Il Pontefice ribadisce il divieto dell’uso indiscriminato della forza e ricorda l’anniversario dell’Accordo Globale tra Santa Sede e Stato di Palestina.
Nella mattinata di ieri, Lunedì 21 luglio 2025, Papa Leone XIV ha ricevuto una telefonata da Mahmoud Abbas, Presidente dello Stato di Palestina. Il colloquio si è concentrato sugli ultimi sviluppi del conflitto nella Striscia di Gaza e sulle violenze in corso in Cisgiordania, aggravate nelle ultime settimane da attacchi su obiettivi civili, inclusi luoghi di culto e parrocchie cristiane.
Secondo fonti locali e internazionali, tra gli edifici danneggiati figurerebbe anche la Parrocchia della Sacra Famiglia a Gaza, già colpita nei mesi precedenti da operazioni militari israeliane, causando indignazione e appelli internazionali alla protezione dei civili e del patrimonio religioso.
Papa Leone XIV : rispetto del diritto umanitario e stop al trasferimento forzato
Nel corso della telefonata, Papa Leone XIV ha rinnovato il suo forte appello al pieno rispetto del Diritto Internazionale Umanitario, sottolineando tre principi fondamentali:
-
Protezione dei civili e dei luoghi sacri
-
Divieto assoluto dell’uso indiscriminato della forza
-
Condanna del trasferimento forzato delle popolazioni
Il Santo Padre ha espresso vicinanza spirituale alle vittime e ha ribadito il dovere della comunità internazionale e delle parti in conflitto di evitare ogni escalation, soprattutto nei centri abitati.
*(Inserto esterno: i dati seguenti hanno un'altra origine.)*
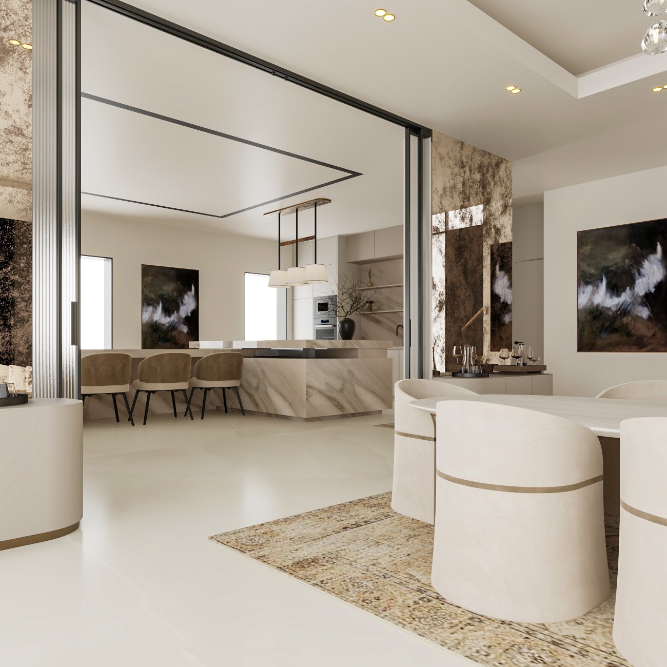 seamless material transitions, and a refined neutral palette enhanced through

Appello per l’ingresso degli aiuti umanitari
Data la drammatica situazione umanitaria nella Striscia di Gaza, dove mancano beni di prima necessità, cure mediche e servizi essenziali, Leone XIV ha sottolineato l’urgenza di soccorrere i più vulnerabili e di permettere l’ingresso adeguato di aiuti umanitari.
Il Papa ha più volte richiamato in questi mesi l’attenzione globale sulla sorte dei bambini, delle famiglie e delle comunità religiose, chiedendo corridoi umanitari e protezione internazionale per i civili.
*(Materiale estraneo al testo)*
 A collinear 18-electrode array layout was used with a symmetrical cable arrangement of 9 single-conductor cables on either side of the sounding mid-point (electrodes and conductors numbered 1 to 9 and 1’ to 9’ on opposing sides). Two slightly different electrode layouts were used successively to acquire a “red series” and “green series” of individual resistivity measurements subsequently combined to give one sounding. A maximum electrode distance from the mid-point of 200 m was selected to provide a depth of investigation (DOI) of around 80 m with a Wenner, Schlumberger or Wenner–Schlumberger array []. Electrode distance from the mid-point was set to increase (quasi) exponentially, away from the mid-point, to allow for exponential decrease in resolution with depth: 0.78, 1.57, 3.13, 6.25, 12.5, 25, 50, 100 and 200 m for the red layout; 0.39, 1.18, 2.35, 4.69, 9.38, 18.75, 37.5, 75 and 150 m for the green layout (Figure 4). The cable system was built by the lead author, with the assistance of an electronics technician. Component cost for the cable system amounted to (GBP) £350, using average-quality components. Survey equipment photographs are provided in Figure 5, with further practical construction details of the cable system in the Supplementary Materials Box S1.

Il ricordo dell’Accordo tra Santa Sede e Palestina
Durante il colloquio, il Pontefice ha anche ricordato il decimo anniversario dell’Accordo Globale firmato tra la Santa Sede e lo Stato di Palestina il 26 giugno 2015, entrato in vigore il 2 gennaio 2016.
L’accordo – che riconosce ufficialmente lo Stato di Palestina – regola diversi aspetti della presenza cattolica nei territori palestinesi e ribadisce l’impegno comune per la libertà religiosa, la cooperazione diplomatica e la pace in Terra Santa.